# 8.0-RELEASE don`t boot



## fray (Jun 7, 2010)

I have kernel panic in safe mode or loading whithout ACPI when i add to loader.conf option IPFW_load="YES". When I compiling new kernel, I have kernel panic too. What I doing wrong?
Please help me.
P.S.Sorry, but my Eng language bad.
P.S.S. Some body help me in russian language?


----------



## vrachil (Jun 8, 2010)

You should supply more info.
For example: 
is your current kernel the GENERIC, or have you made a custom?
is your /usr/src up to date?

also, why don't you enable ipfw as described in the handbook?


----------



## fray (Jun 8, 2010)

When I edit at first time loader.conf I use GENERIC kernel. my src installed from iso when I instaling OS(iso downloaded from freebsd.org). thanks for the link, I'm going to try as there is written
P.S. thanks google for assistance in translating


----------



## Beastie (Jun 8, 2010)

Just a small note: I think it's case sensitive and should be *ipfw_load="YES"*.


----------



## fray (Jun 8, 2010)

Yes, of course, but still not loaded.
Hmm, but why?
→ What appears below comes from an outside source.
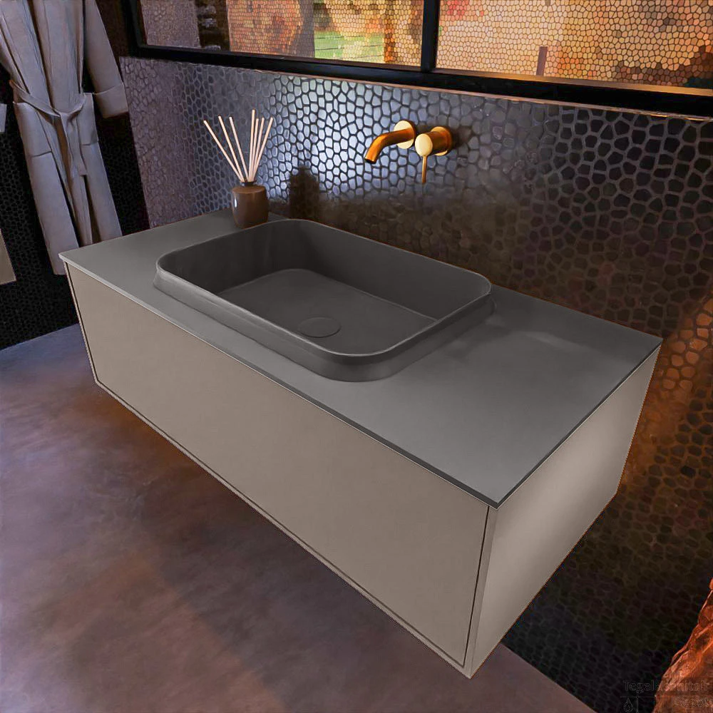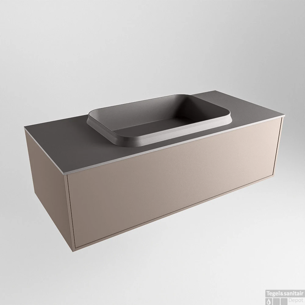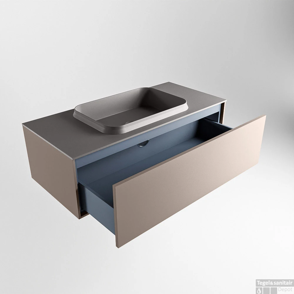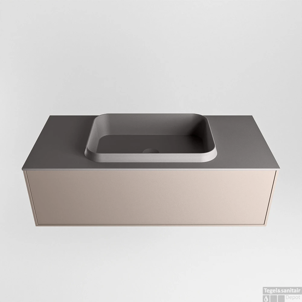 Badkamermeubelset Mondiaz Erin 100 cm met 1 Lade met RIDGE Wastafel Midden Dark grey Zonder Kraangaten Greeploos Mat Smoke

I'm thinking to use UTF-8, but now I afraid compile new kernel


----------



## fray (Jun 8, 2010)

update
with old kernel and firewall_enable="YES" in rc.conf system starting up successful, but question opened


----------



## zeiz (Jun 8, 2010)

fray said:
			
		

> Some body help me in russian language?


Great forum and great people.


----------



## SirDice (Jun 8, 2010)

Make sure your hardware is good.


----------



## vrachil (Jun 8, 2010)

fray said:
			
		

> question opened



What kind of question?


----------



## SirDice (Jun 8, 2010)

vrachil said:
			
		

> What kind of question?



Bad translation  He probably means, question remains. Most likely about the panics.


----------



## vrachil (Jun 8, 2010)

Well, we established that the kernel doesn't panic when loading the ipfw module.
In the buildkernel panics, first ensure that your source tree is up to date.
Check the handbook on how to do that.
Under the A.6.5 paragraph, you need to check the src-* tags. For example src-all is everything under /usr/src, and src-sys is the kernel.


----------